• _Problem requirements_: Beginning at the line containing "Effect of conjugation" in the material below and ending at the line containing "Hinter dem Restaurant", return each line exactly and add nothing.

• _Data for analysis_:
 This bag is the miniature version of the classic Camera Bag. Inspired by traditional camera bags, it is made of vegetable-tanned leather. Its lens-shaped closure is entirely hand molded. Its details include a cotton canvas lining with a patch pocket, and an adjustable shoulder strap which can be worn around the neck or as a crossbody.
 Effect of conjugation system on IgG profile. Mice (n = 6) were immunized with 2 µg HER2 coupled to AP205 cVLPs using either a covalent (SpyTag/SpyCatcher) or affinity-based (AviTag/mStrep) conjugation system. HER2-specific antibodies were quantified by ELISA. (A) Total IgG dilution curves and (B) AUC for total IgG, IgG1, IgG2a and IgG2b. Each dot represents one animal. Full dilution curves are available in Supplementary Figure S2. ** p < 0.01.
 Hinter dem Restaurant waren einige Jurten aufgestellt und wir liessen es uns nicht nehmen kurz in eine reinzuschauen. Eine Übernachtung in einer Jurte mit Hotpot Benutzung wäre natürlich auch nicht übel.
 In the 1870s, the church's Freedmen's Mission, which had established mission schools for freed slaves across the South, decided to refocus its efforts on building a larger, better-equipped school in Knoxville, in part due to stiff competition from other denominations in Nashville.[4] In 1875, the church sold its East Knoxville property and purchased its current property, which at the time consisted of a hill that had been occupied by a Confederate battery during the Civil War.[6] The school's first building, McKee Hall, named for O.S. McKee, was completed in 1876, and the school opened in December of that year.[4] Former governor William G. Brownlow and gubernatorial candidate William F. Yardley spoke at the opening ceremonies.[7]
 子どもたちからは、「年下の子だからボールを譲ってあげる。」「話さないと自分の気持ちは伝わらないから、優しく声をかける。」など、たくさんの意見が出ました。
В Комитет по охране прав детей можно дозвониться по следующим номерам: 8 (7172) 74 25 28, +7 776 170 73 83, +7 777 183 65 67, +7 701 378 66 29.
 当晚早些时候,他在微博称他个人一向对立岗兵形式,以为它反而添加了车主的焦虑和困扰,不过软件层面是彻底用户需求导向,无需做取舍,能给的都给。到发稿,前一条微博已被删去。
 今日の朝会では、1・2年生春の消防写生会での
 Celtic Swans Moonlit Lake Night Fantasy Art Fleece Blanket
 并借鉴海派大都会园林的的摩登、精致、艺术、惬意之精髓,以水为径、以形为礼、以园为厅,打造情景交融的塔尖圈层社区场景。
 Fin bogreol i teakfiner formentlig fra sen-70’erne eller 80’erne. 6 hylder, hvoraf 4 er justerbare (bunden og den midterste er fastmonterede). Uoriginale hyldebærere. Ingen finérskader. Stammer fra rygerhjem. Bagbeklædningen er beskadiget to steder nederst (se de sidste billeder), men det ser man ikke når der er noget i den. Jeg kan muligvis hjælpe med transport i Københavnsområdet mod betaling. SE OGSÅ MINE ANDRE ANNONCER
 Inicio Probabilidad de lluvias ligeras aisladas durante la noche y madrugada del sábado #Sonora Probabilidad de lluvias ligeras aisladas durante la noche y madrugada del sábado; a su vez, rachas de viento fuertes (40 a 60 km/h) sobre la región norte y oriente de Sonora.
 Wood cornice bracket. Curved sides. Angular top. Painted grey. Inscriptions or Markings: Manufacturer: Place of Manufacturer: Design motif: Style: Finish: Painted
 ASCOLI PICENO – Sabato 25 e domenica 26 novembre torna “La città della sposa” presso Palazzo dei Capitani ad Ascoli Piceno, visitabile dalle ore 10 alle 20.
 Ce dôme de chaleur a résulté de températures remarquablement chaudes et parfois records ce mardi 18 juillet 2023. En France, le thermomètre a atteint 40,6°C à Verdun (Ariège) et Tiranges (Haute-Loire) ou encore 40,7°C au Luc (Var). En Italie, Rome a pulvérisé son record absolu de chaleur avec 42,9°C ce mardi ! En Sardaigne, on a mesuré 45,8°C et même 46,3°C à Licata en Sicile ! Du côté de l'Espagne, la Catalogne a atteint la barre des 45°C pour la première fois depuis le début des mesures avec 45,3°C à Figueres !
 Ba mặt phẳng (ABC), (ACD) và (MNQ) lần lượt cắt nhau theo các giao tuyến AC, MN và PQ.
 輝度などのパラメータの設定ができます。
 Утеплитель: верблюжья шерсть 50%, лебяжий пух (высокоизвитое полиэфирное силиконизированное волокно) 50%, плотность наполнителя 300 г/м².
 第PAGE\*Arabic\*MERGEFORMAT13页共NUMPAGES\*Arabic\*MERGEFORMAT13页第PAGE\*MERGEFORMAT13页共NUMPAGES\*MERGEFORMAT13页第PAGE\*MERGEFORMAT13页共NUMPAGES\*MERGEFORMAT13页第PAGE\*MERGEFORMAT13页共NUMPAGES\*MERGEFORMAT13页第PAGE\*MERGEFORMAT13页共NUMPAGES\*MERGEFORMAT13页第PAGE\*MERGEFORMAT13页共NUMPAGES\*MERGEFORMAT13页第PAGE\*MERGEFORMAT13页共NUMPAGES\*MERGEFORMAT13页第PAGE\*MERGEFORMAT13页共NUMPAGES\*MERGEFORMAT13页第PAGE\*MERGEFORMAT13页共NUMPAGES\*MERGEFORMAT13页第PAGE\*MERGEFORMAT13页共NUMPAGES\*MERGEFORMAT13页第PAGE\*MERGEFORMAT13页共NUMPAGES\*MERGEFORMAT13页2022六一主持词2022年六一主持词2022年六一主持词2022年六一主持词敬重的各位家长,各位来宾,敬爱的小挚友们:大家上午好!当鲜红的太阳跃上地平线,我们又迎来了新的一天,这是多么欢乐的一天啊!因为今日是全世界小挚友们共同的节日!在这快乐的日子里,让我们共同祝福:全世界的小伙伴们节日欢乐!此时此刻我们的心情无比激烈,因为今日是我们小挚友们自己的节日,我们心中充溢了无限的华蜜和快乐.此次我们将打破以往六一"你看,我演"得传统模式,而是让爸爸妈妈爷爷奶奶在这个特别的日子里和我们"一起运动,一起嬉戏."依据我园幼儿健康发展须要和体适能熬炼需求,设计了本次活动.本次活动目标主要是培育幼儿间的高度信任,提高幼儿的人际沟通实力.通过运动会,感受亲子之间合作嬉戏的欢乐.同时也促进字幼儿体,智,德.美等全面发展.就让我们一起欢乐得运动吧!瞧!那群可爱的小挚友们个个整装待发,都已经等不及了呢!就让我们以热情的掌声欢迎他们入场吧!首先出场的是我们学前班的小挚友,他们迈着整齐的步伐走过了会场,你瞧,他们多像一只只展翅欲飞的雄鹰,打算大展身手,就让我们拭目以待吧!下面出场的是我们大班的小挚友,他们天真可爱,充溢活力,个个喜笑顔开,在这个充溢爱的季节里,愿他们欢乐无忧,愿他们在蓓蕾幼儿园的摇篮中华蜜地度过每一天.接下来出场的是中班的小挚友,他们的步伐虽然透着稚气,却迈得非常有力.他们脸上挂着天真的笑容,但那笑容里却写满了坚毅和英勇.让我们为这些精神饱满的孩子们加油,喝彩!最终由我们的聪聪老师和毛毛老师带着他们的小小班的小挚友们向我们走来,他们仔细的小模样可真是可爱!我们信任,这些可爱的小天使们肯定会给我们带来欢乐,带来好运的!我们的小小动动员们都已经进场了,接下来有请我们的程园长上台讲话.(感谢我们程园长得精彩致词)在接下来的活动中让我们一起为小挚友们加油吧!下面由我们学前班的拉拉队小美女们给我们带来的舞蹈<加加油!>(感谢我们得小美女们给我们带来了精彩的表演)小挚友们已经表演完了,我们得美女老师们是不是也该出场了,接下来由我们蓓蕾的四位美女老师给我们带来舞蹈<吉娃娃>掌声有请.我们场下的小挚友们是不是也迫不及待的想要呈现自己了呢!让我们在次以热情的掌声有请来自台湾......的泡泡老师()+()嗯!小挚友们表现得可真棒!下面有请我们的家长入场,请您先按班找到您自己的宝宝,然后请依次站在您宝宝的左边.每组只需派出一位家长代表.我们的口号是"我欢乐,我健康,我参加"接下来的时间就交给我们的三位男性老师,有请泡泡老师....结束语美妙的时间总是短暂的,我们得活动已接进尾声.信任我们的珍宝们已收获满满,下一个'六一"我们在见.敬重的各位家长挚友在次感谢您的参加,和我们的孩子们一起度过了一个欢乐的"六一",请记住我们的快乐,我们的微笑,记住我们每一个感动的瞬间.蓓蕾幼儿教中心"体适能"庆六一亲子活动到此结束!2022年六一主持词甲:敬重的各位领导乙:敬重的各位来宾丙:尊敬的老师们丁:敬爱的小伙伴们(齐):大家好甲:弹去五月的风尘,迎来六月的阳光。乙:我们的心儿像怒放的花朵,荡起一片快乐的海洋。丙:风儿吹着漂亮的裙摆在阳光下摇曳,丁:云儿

• _Task response_:
 Effect of conjugation system on IgG profile. Mice (n = 6) were immunized with 2 µg HER2 coupled to AP205 cVLPs using either a covalent (SpyTag/SpyCatcher) or affinity-based (AviTag/mStrep) conjugation system. HER2-specific antibodies were quantified by ELISA. (A) Total IgG dilution curves and (B) AUC for total IgG, IgG1, IgG2a and IgG2b. Each dot represents one animal. Full dilution curves are available in Supplementary Figure S2. ** p < 0.01.
 Hinter dem Restaurant waren einige Jurten aufgestellt und wir liessen es uns nicht nehmen kurz in eine reinzuschauen. Eine Übernachtung in einer Jurte mit Hotpot Benutzung wäre natürlich auch nicht übel.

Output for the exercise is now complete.